Chinese economy's growth is on target but policy tweaks are likely

The Chinese president Xi Jinping pseaking
The Chinese president Xi Jinping and his policymakers have made it clear they intend to stick to the reform plan. Photograph: Pool/Getty Images

It's make your mind up time for the Chinese government. The world's second biggest economy slowed in the first three months of 2014 and will slow further in the second quarter. The moderation in the pace of expansion was anticipated and engineered by Beijing as part of a liberalisation programme but the question now is whether policymakers will hold their nerve.

On the face of it, there is little to worry about. The economy grew at an annualised rate of 7.4% in the first quarter, which as usual was almost smack in line with official forecasts. Most analysts think the real growth is lower and use proxies such as electricity use or imports of industrial metals from Australia to judge what is really happening. But even the official numbers point to a marked slowdown.

Growth in the first quarter was 1.4% (5.7% annualised), down from 1.7% (7% annualised) in the final three months of 2013. Industrial production was soft, investment was weak, money and credit growth is slowing, and the housing market appears to have gone from boom to bust.

The issue for Beijing is whether consumption will continue to hold up in the face of a troubled property market and interest rates that are uncomfortably high for a country where personal debt is 200% of GDP.

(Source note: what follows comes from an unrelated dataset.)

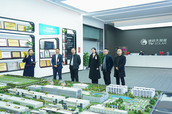 在通威太陽能智能制造展廳,邢志剛董事長一行聽取通威太陽能發展歷程、項目建設、產能布局及取得的榮譽獎項等相關情況介紹,詳細了解了通威太陽能雙流基地項目建設進度、項目投產情況、產能規劃以及各板塊產業布局情況。

It is helpful for China that the US seems to be recovering quickly from its weather-induced winter slowdown and that the eurozone is gradually pulling out of recession. But it doesn't entirely dispel concerns about a hard landing.

Policymakers in China have made it clear they intend to stick to the reform plan. They believe there were nasty side effects from the colossal stimulus package during the winter of 2008-09, including inflation, a property bubble and much wasted investment.

But expect a few tweaks or a bit of fine tuning to help the economy along. China's economic policy is governed by the old maxim: make haste slowly. A mini-package of measures involving targeted public investment and tax breaks for small and medium-sized companies is already in the pipeline. Expect that to be supplemented by action by the People's Bank of China to cut the cost of borrowing.